Вахлачина — тоже слово — символ крестьянской жизни, а слово это означает здесь прежде всего тупость, забитость, покорность и темноту. «Мир» «Последыша» не столько спасается в народе, сколько разрушается в личности.
И тогда Некрасов сразу после «Последыша» работает не над естественным сюжетным продолжением его, а над частью «Крестьянка», как бы уходит в сторону, вернее, отступает назад, поднимает глубокие пласты жизни народа, его нравственного и социального бытия, его этики и его поэзии, уясняя, каков же подлинный потенциал этой жизни, ее творческое начало. Работая над эпическими богатырскими народными характерами, созданными на основе народной поэзии (песня, былина), поэт явно стремится укрепить свою веру в народ. Эта работа становилась залогом такой веры и условием дальнейшей работы уже на собственно современном материале.

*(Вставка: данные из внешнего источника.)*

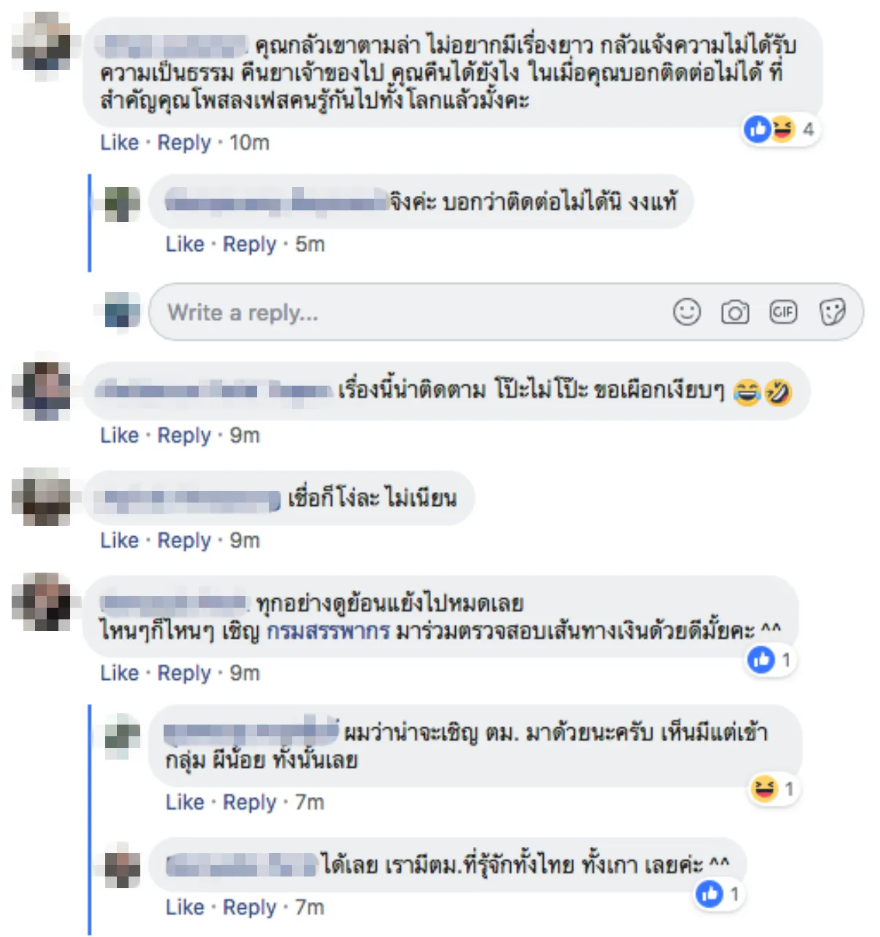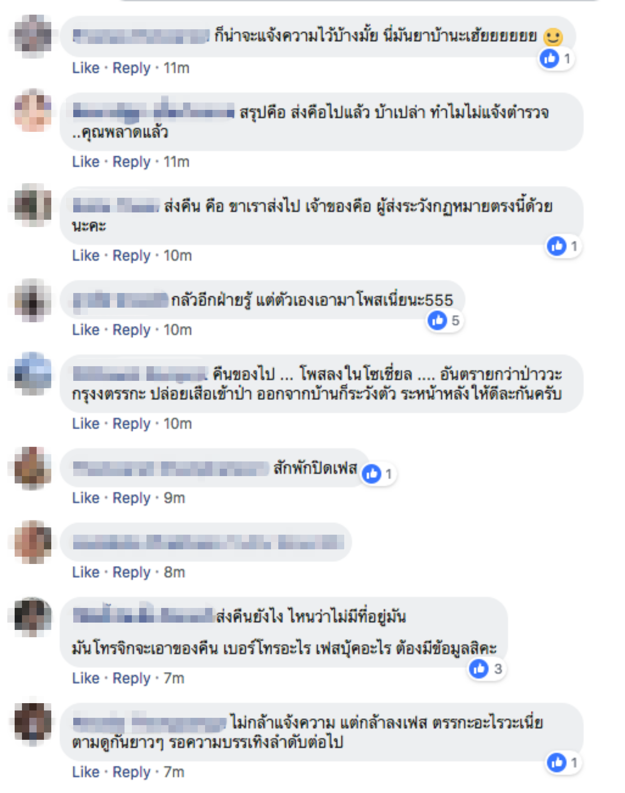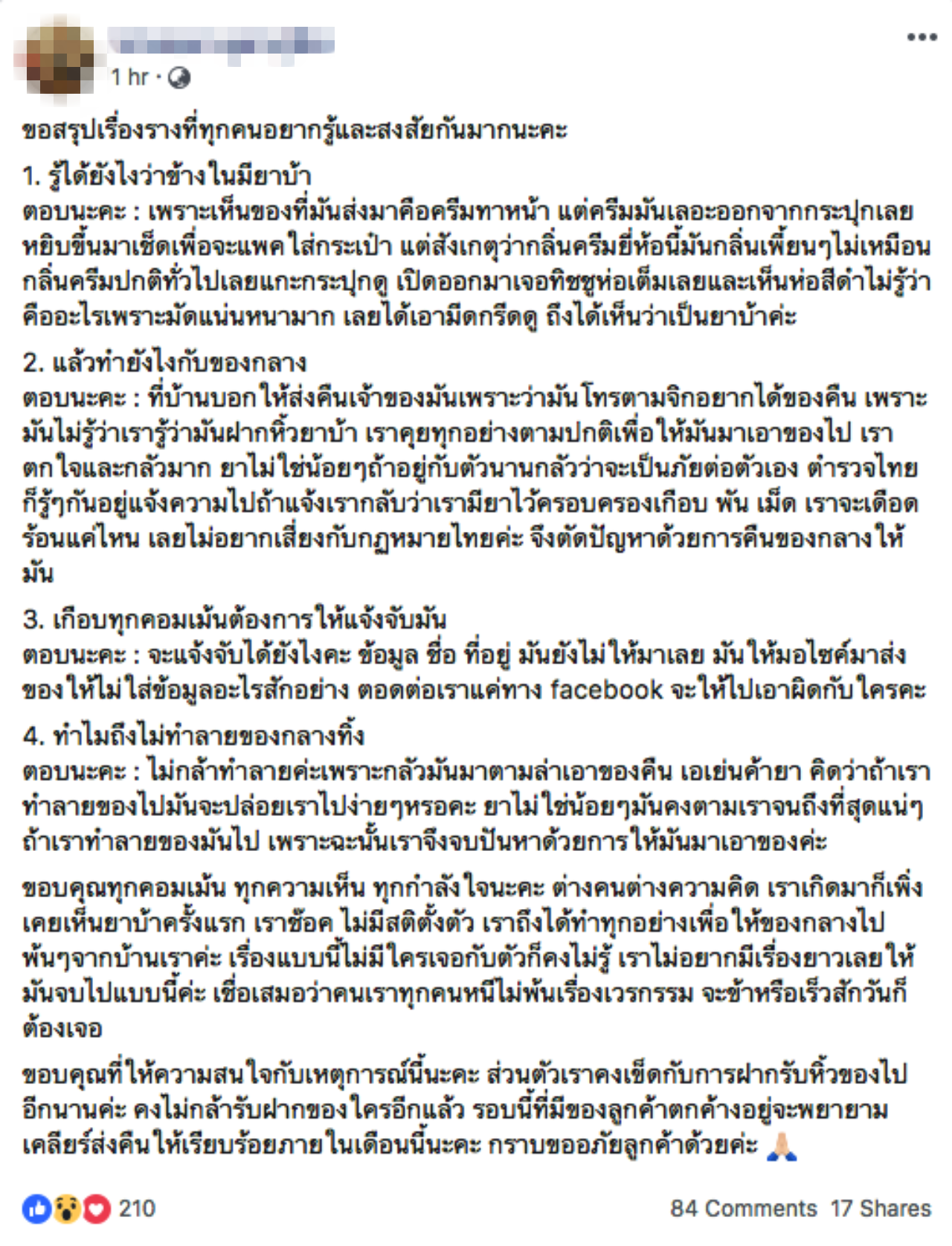 ส่วนเรื่องแจ้งจับ ผู้โพสต์บอกว่า ข้อมูล ชื่อที่อยู่ผู้ส่งไม่ได้ให้มา แต่ให้มอเตอร์ไซค์มาส่ง ติดต่อแค่ทางเฟซบุ๊กจะให้ไปเอาผิดกับใคร และที่ไม่ทำลายของกลางเพราะกลัวเอเย่นต์มาตามล่าเอาของคืน
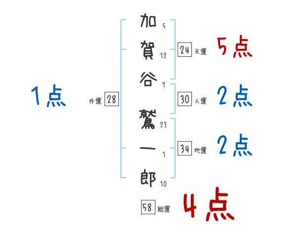 天運![]() | 加賀谷鷲一郎さんの天運は24画の5つ星!家庭運が良く順調な人生。金運にも恵まれる。 家系が持つ宿命的な運勢を表します。祖先から受け継いだ苗字ですので自分の力が及びません。家柄を象徴します。 |
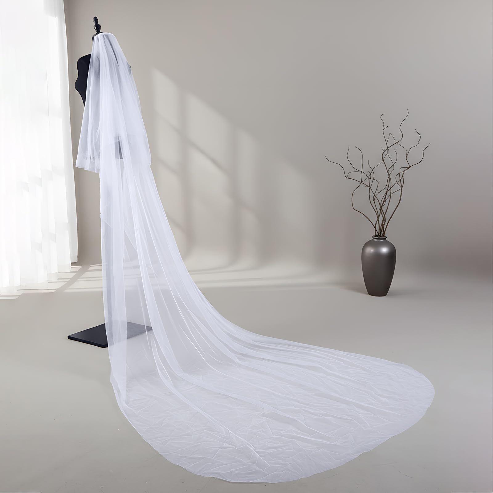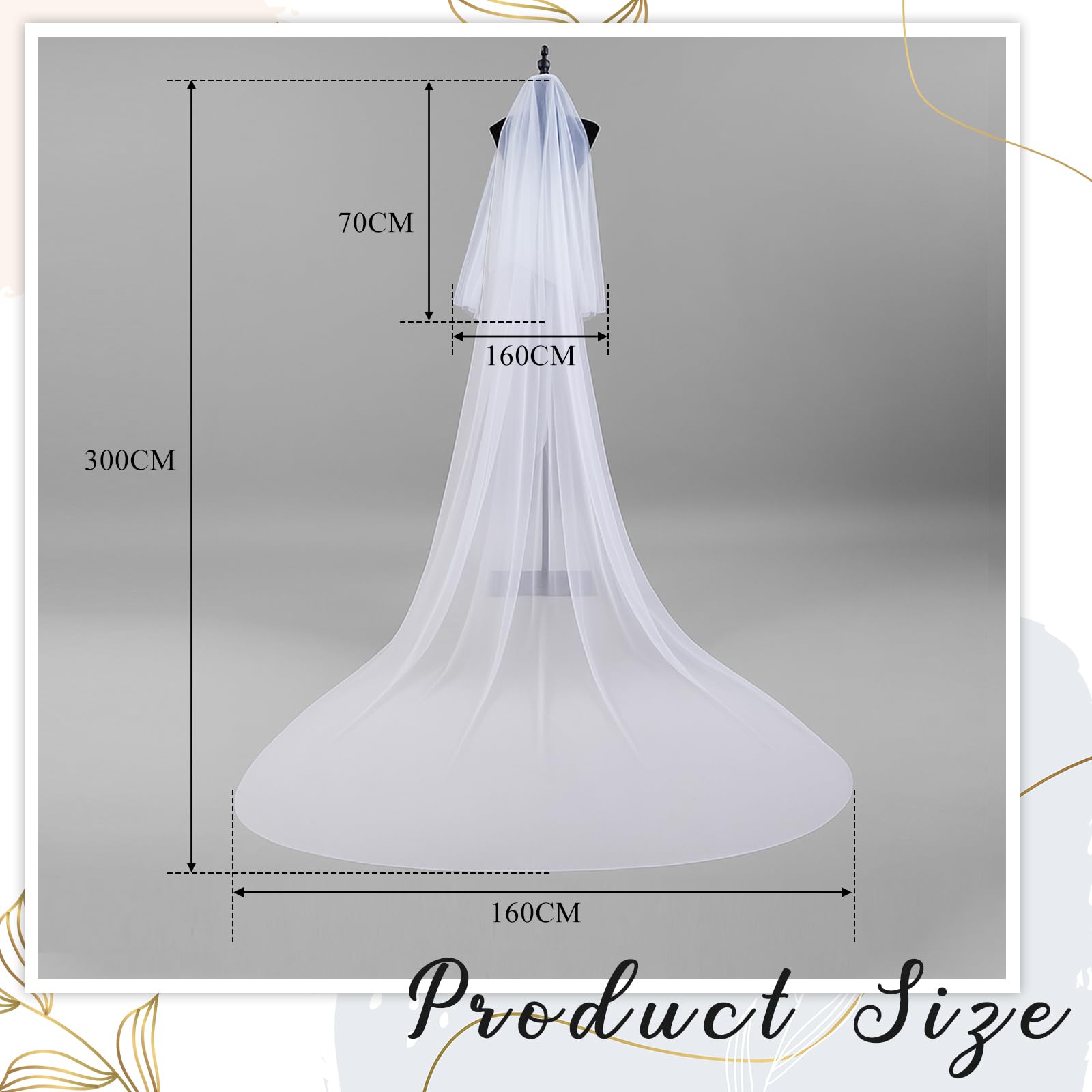 Veil Details: this is a 2-tier cathedral plain wedding bridal veil; The first layer measures approximately 27.6 x 63 inches/ 70 x 160 cm, and the second layer is approximately 118 x 63 inches/ 300 x 160 cm; Featuring a delicate small train, it is suitable for weddings, events, parties, and photography shoots
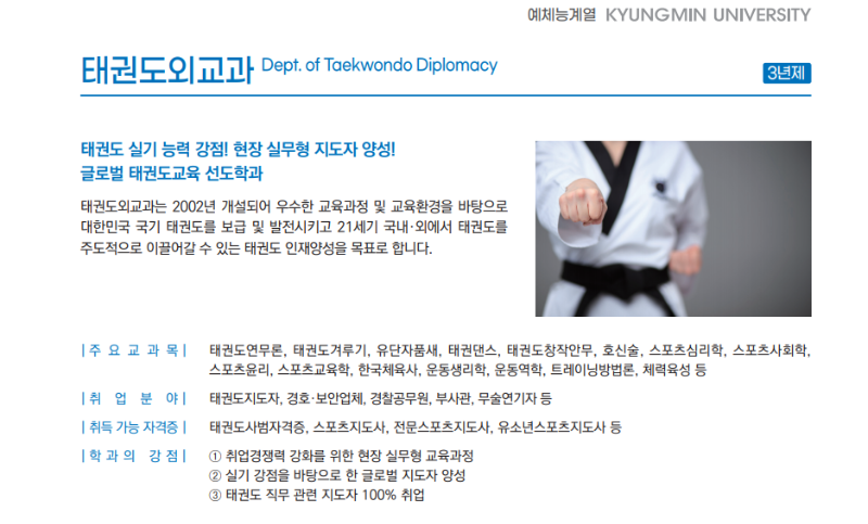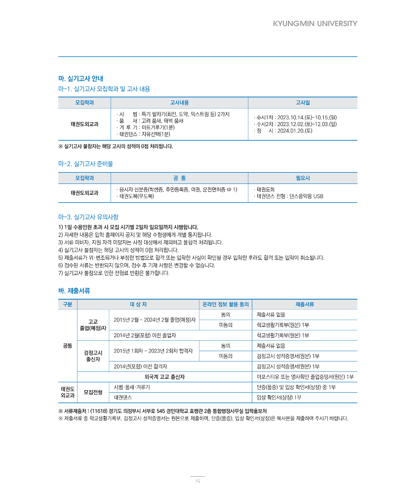태권도 입시 2024년 경민대학교 태권도외교과 모집요강 by 이싸부 2023. 9. 29. 728x90 수시 1차 - 23.9.11.월요일 ~ 10.5.목요일 24:00까지 수시 2차 - 23.11.10.금요일 ~ 11.24.금요일 24:00까지 정시 모집 - 24.01.03.수요일 ~ 01.15.월요일 24:00까지 수시 1차 - 58명 수시 2차 - 31명 정시 - 3명 경민대학교_모집요강.pdf 12.20MB 홈페이지<<바로가기 728x90 공유하기 게시글 관리 이사부 블로그

Почему же поэт такое место — это чуть ли не самая большая часть поэмы — отвел как будто бы всего лишь одному человеку — крестьянке-женщине?
Вообще этот образ занимает особое место во всей поэзии Некрасова. Русская женщина всегда была для Некрасова главной носительницей жизни, выражением ее полноты, как бы символом национального существования. Вот почему Некрасов с таким вниманием вглядывался в ее судьбу, художественно исследовал ее в поэме о народе. Ведь речь шла о самом корне жизни, об ее, может быть, главном залоге. «Баба-конь в Корене» — сохранилась многозначительнейшая запись в черновиках. Да и с самого начала образ героини, уже немолодой, зрелой женщины, Матрены Тимофеевны Корчагиной — носительницы жизни — вписан в особую картину жизни самой природы, в самую зрелую, в самую благодатную ее пору — сбора урожая:
Матрена Тимофеевна — человек исключительный, «губернаторша», но она человек из этой же трудовой толпы. Ей, умной и сильной, поэт доверил самой рассказать о своей судьбе. «Крестьянка» — единственная часть, вся написанная от первого лица. Однако это рассказ отнюдь не только о ее частной доле. Потому-то она чаще поет, чем рассказывает, и поет песни, не изобретенные для нее Некрасовым. «Крестьянка» — самая фольклорная часть поэмы, почти сплошь построенная на народно-поэтических образах и мотивах.
Скажем, уже первая глава «До замужества» — не простое повествование, а как бы совершающийся на наших глазах традиционный обряд крестьянского сватовства. Свадебные причеты и заплачки «По избам снаряжаются», «Спасибо жаркой баенке», «Велел родимый батюшка» и другие основаны на подлинно народных. Таким образом, рассказывая о своем замужестве, Матрена Тимофеевна рассказывает о замужестве любой крестьянки, обо всем их великом множестве.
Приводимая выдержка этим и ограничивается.